Don't go. Let the wife go by herself.


----------



## Sschell (May 18, 2009)

dress like a straight guy. that should help.


----------



## Chucktown PE (May 18, 2009)

^^ Yep, wear some tight leather pants and a purple v-neck shirt.


----------



## Flyer_PE (May 18, 2009)

Make sure to wear something with a rainbow on it.


----------



## MA_PE (May 18, 2009)

I was wondering what a "gar bar" was. In the interest of being politically correct, if you like the person (you know his sexual preference) and have met his friends that are going, then who cares that it's at a gay bar.

If you get there and find it "uncomfortably gay" just excuse yourself and leave.

Conversely, like Chuck says let your wife go on her own.


----------



## Sschell (May 18, 2009)

shove something large and cylindrical in your pants... like a tube of tennis balls. That should keep the gays away and disinterested in you.


----------



## chaosiscash (May 18, 2009)

MA_PE said:


> In the interest of being politically correct, if you like the person (you know his sexual preference) and have met his friends that are going, then who cares that it's at a gay bar.
> If you get there and find it "uncomfortably gay" just excuse yourself and leave.


I'm with MA_PE. I wouldn't sweat it too much. I would guess that it would be fairly obvious to the crowd that you're straight.


----------



## Chucktown PE (May 18, 2009)

MA_PE said:


> I was wondering what a "gar bar" was. In the interest of being politically correct, if you like the person (you know his sexual preference) and have met his friends that are going, then who cares that it's at a gay bar.
> If you get there and find it "uncomfortably gay" just excuse yourself and leave.
> 
> Conversely, like Chuck says let your wife go on her own.



I'm not a homophobe or anything but it creaps me out when I see a dude making out with another dude. For instance, my wife watches some stupid ass show on ABC on Sunday nights called Brothers and Sisters. IMHO the show is total horse shit but while I'm watching porn on the computer she watches that crap. Anyway, a couple of weeks ago they have these two guys making out on TV. I don't know why but that makes me very uncomfortable. Therefore, I avoid the gay people that partake in the PDA. For that matter though, I don't like the PDA with straight people either.


----------



## Chucktown PE (May 18, 2009)

I would also wear a shirt that says "I watched 72 meat spins."


----------



## RIP - VTEnviro (May 18, 2009)

We had this real homphobic friend one time. He suggested going out to this one particular bar, which was not a raging gay bar, but was known locally to attract a gay crowd. He didn't realize this before suggesting we go there.
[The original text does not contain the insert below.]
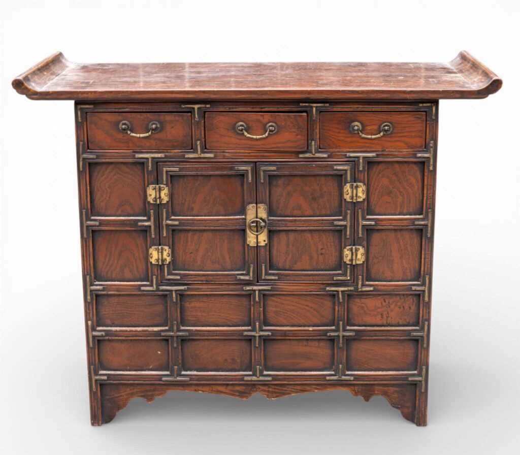LOT 8. Antique / 19th century Korean / Asian head chest crafted from wood, featuring intricate paneling on the front, brass hardware accents, and a decorative central latch on the double-door cabinet. Includes 4 upper drawers with matching brass pulls. Measures approx. 38″ H x 38.5″ W x 18″ D. A/K/A a Morijang was a small cabinet designed to be placed beside the bed in a room. Keystone Auctions LLC. York, PA, US. March 29, 2026. Estimate: $300 USD – $500 USD. Starting bid: $100 USD. SOLD for $150 USD
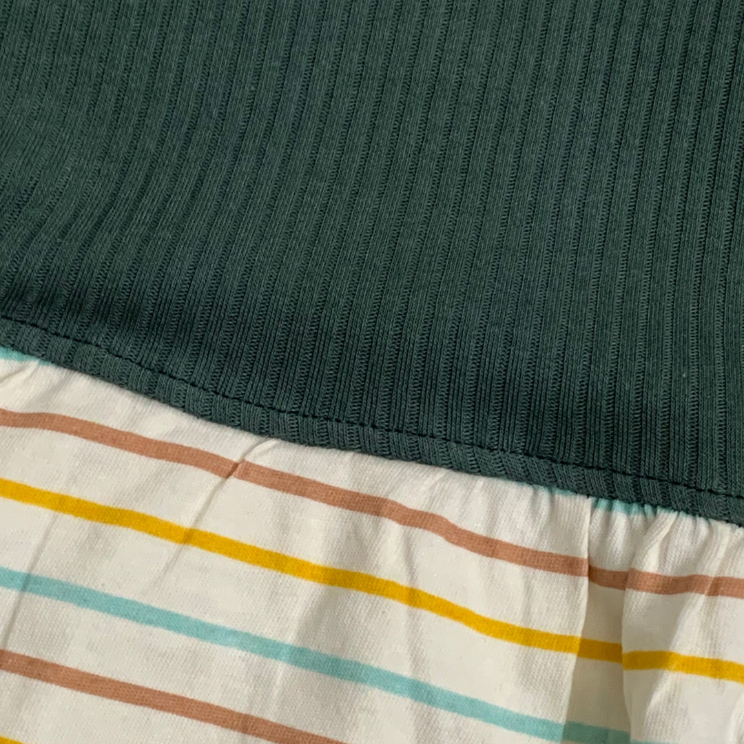 Full Sleeves Girls Frock - Green & Lines Print | Knee Length

I didn't really care because:

1 - Hey, different Strokes for different folks

2 - Dude needed a lesson to be a little more tolerant

3 - Had a lady with me so it was obvious I wasn't there looking

This guy was so oblivious he didn't even realize what was going on until we left and he bitched about these guys hitting on him when all it would have taken was him saying, "Excuse me, I'm not interested."

We had a nice laugh out of that night.



> I'm with MA_PE. I wouldn't sweat it too much. I would guess that it would be fairly obvious to the crowd that you're straight.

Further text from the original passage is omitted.